We assume a melt Fe2+/Fe* (Fe* = Fe2+ + Fe3+) value of 0.85 when calculating Mg#liq. This equates to an oxygen fugacity (fO2) near the quartz-fayalite-magnetite (QFM) buffer, as measured in Galápagos lavas by Peterson et al.65. We do not assume an Fe speciation for minerals, instead calculating the number of Fe2+ and Fe3+ ions per formula unit by stoichiometry and using the sum of these (Fe*) in our calculations of Mg#cpx and Mg#ol. We evaluate the distribution of our major element datasets using KDEs, with bandwidths calculated after Sheather and Jones66.

Modelling crystal–liquid equilibria

Equilibrium plagioclase, clinopyroxene and olivine compositions were calculated using the models of Namur et al.67, Putirka68, and Herzberg and O’Hara69, respectively, given pre-eruptive storage temperatures of 1160 °C for Wolf and 1130 °C for Fernandina19,28. The model of Namur et al.67 is calibrated for anhydrous melt compositions; H2O in the melt would increase the equilibrium An# but this effect is assumed to be negligible as Galápagos magmas have consistently low H2O contents (typically < 1 wt%)35,50.

Modelling TiO2 in plagioclase

Plagioclase major element and residual liquid compositions were calculated during isobaric cooling and fractional crystallisation using Rhyolite-MELTS42. We use primitive whole-rock (W9562)17 and melt inclusion (D25C-2-34)35 compositions as our Wolf and Fernandina model starting liquids, respectively. Equilibrium plagioclase TiO2 concentrations were then calculated at each temperature step using the partitioning model of Nielsen et al.43 (Supplementary Dataset 7). By comparing modelled plagioclase An# and TiO2 concentrations with our natural mineral analyses, we can characterise their equilibrium melt compositions. This method of characterising mineral-melt relationships is preferable to that of Scruggs and Putirka70 where the eruptive record does not encompass the full range of melt compositions in a sub-volcanic system.

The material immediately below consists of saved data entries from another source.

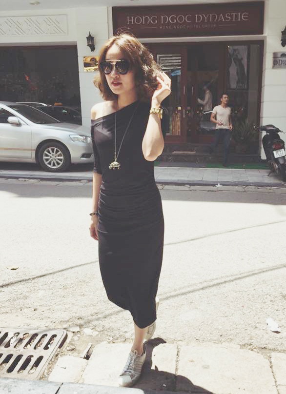 | Mi Vân thể hiện phong cách trẻ trung với đầm thun trễ vai ôm sát, giày thể thao mix ăn nhập mang đến hình ảnh năng động, hiện đại cho bà mẹ một con. |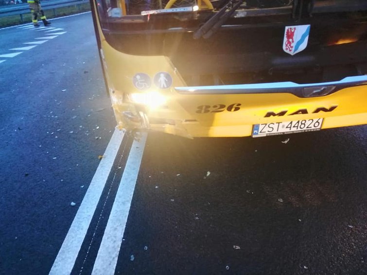 - Zadysponowano nas do wypadku drogowego na węźle Motaniec - informuje OSP Bielkowo. - Autobus Miejskiego Przedsiębiorstwa Komunikacji w Stargardzie zderzył się z samochodem osobowym. W autobusie nie było pasażerów.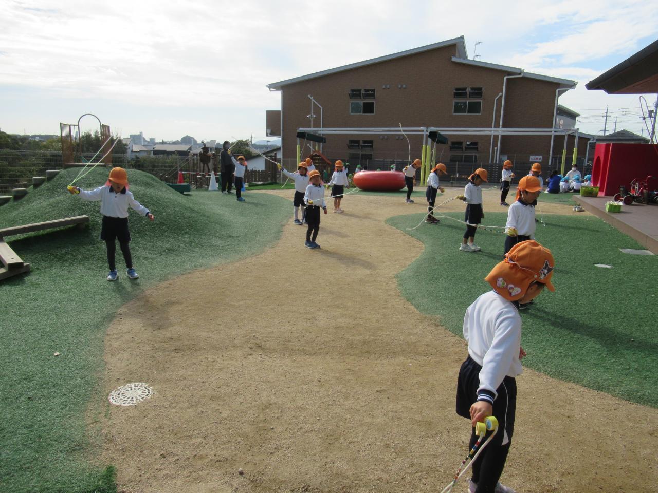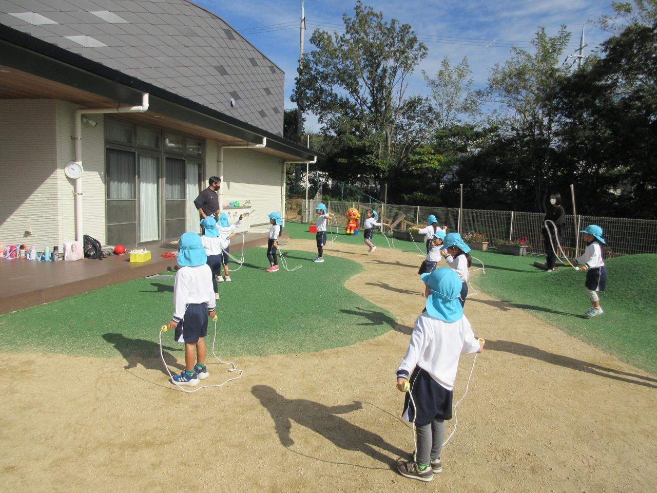 縄跳びをしました。前跳びや後ろ跳び、けんけん跳びに挑戦し、回数ごとにシールをもらいます。「前跳び3回できたから次は7回頑張る!」とたくさん練習に取り組んでいます。また、「この色のシールなに跳び?何回?」とお友だちとも協力をしています。「お外遊びの時に練習しよう!」と、とても張り切っている子どもたちです。

Models were run at 50, 300 and 500 MPa, an fO2 at the QFM buffer and 0.15 wt% initial H2O, which approximate the range of Galápagos magma storage conditions identified in previous studies19,27,28,50,65. The liquid lines of descent predicted by Rhyolite-MELTS fractional crystallisation models are generally a good fit to previously analysed whole-rock and glass data from Wolf and Fernandina (Supplementary Figs. 1, 2) and simulated clinopyroxene compositions also match natural crystal compositions (Supplementary Fig. 3). This validates our choice of intrinsic variables and suggests that assimilation of compositionally distinct wall rock material has a negligible impact on the compositional evolution of Galápagos magmas, in agreement with previous studies27.